TEST DI JOBE: questo test valuta una possibile infiammazione o lesione del tendine del  sovraspinatoIl soggetto deve mantenere il braccio abdotto a 90°, sul piano scapolare (30-45°) e in intrarotazione (pollici rivolti verso il basso). Da questa posizione, il soggetto effettua una spinta verso l’alto, contrastata manualmente dal valutatore. La positività al test è determinata dalla comparsa di dolore e/o da una diminuzione della resistenza alla spinta ricevuta.

Lo stesso test può essere eseguito anche in posizione di decubito supino, in quanto permette una valutazione più accurata del sovraspinato, poichè lo sgrava dal carico gravitario.
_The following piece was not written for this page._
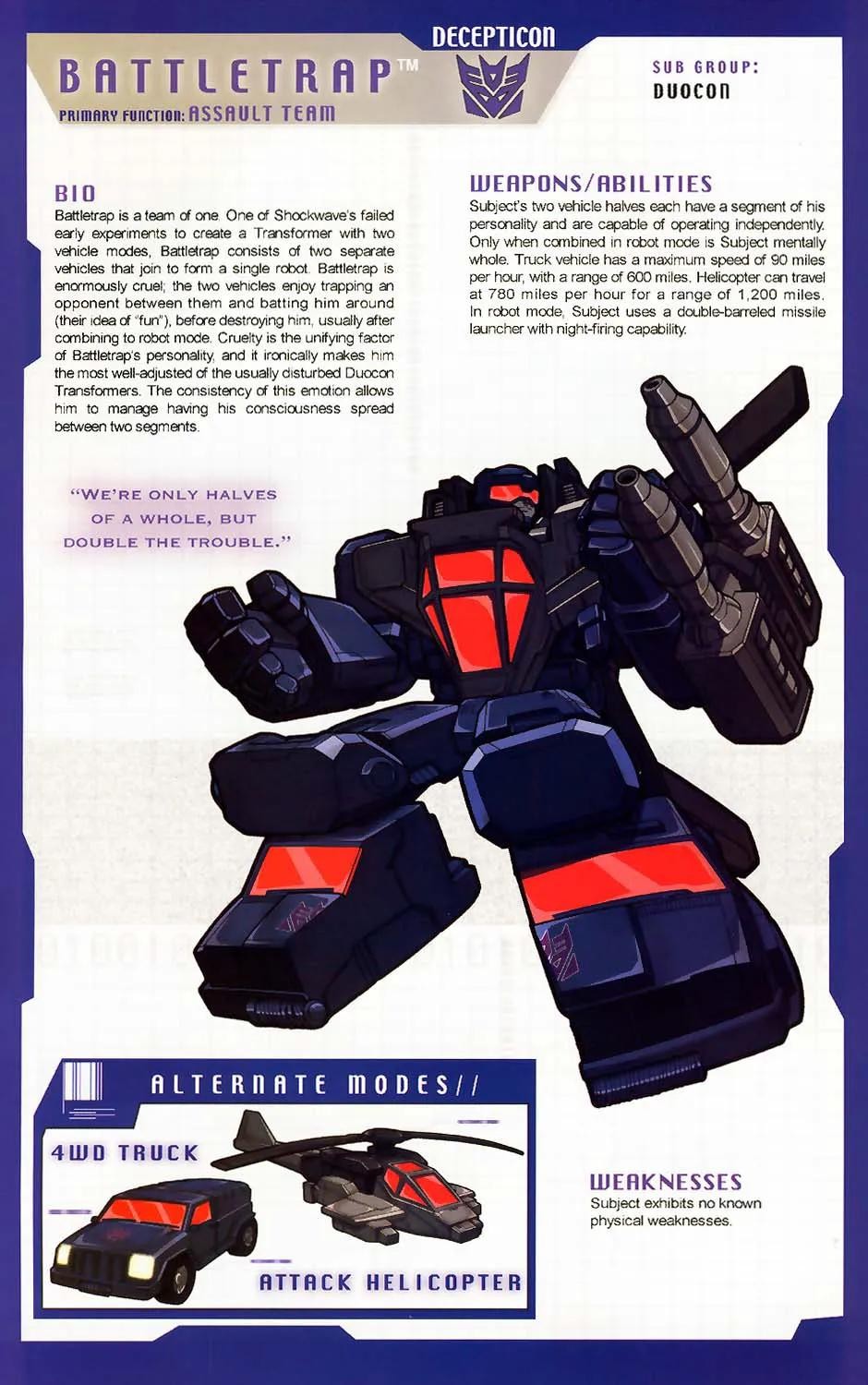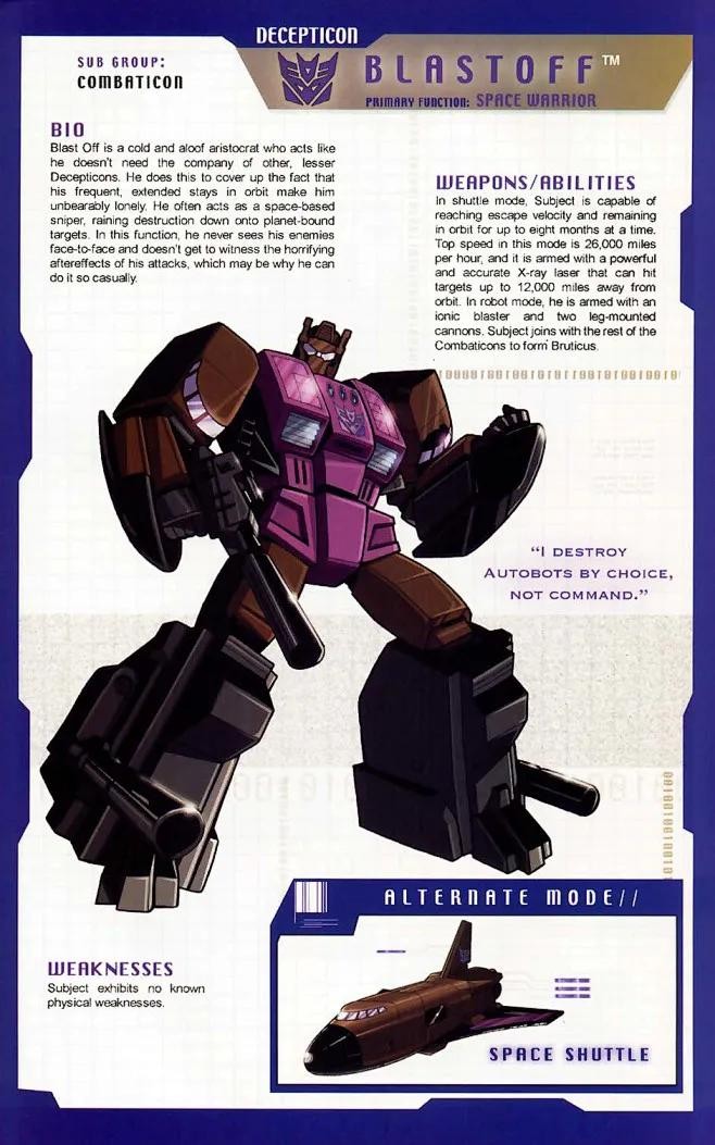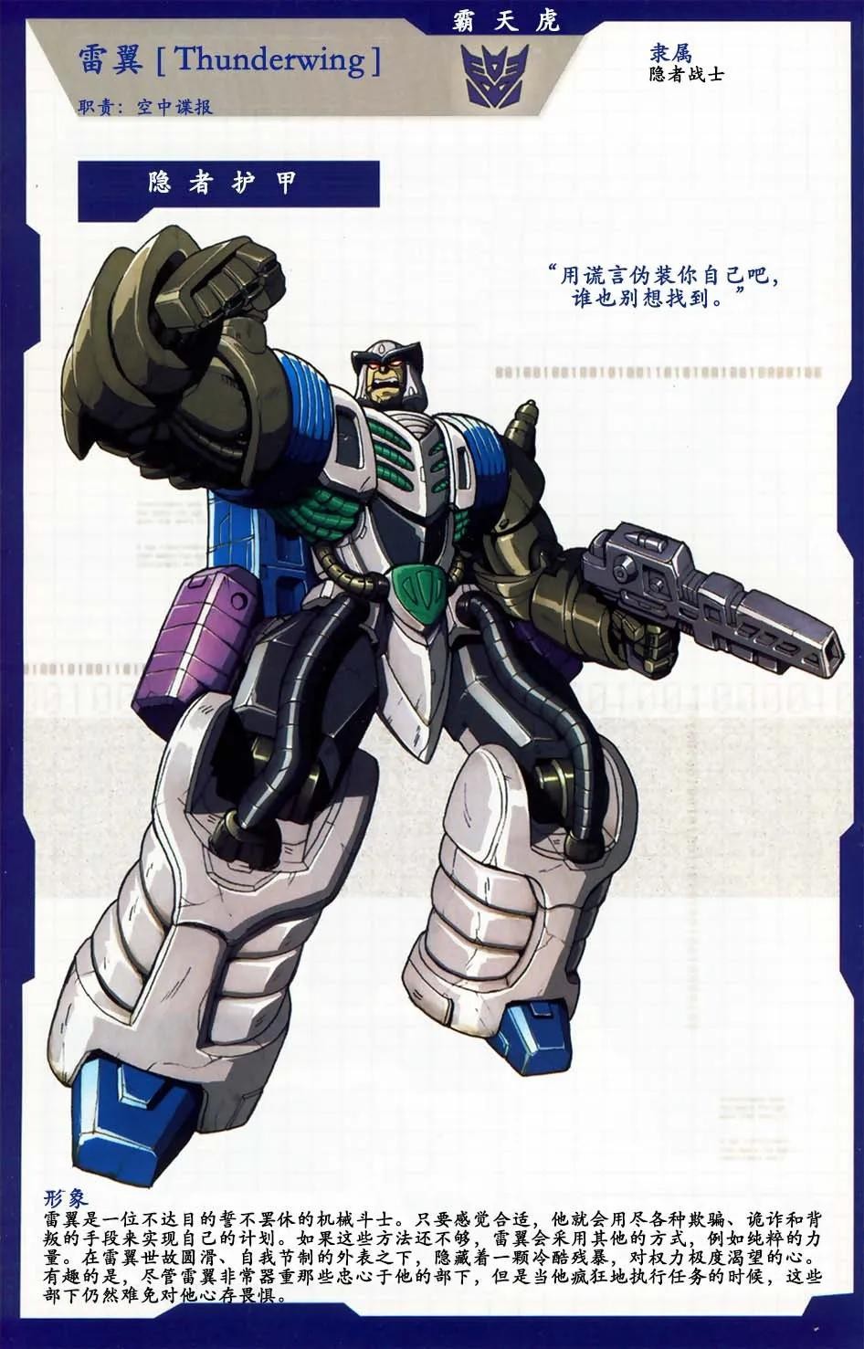 霸天虎成员,担任陆空指挥官,所属部队是三变金刚,以“先毁灭再思考”为格言。

In decubito supino, l’abduzione del braccio per la corretta esecuzione del test viene raggiunta con un minore impegno del deltoide, consentendo una migliore valutazione del sovraspinato e del suo tendine.

TEST DI ROTAZIONE ESTERNA CONTRO RESISTENZA IN ADDUZIONE: il paziente posto di fronte all’esaminatore con le spalle addotte (gomiti aderenti al busto) e gomiti flessi a 90° esegue una spinta in extrarotazione contro la resistenza offerta dall’esaminatore. Questo test valuta il muscolo sottospinato ed è positivo alla comparsa di dolore durante l’azione di extrarotazione.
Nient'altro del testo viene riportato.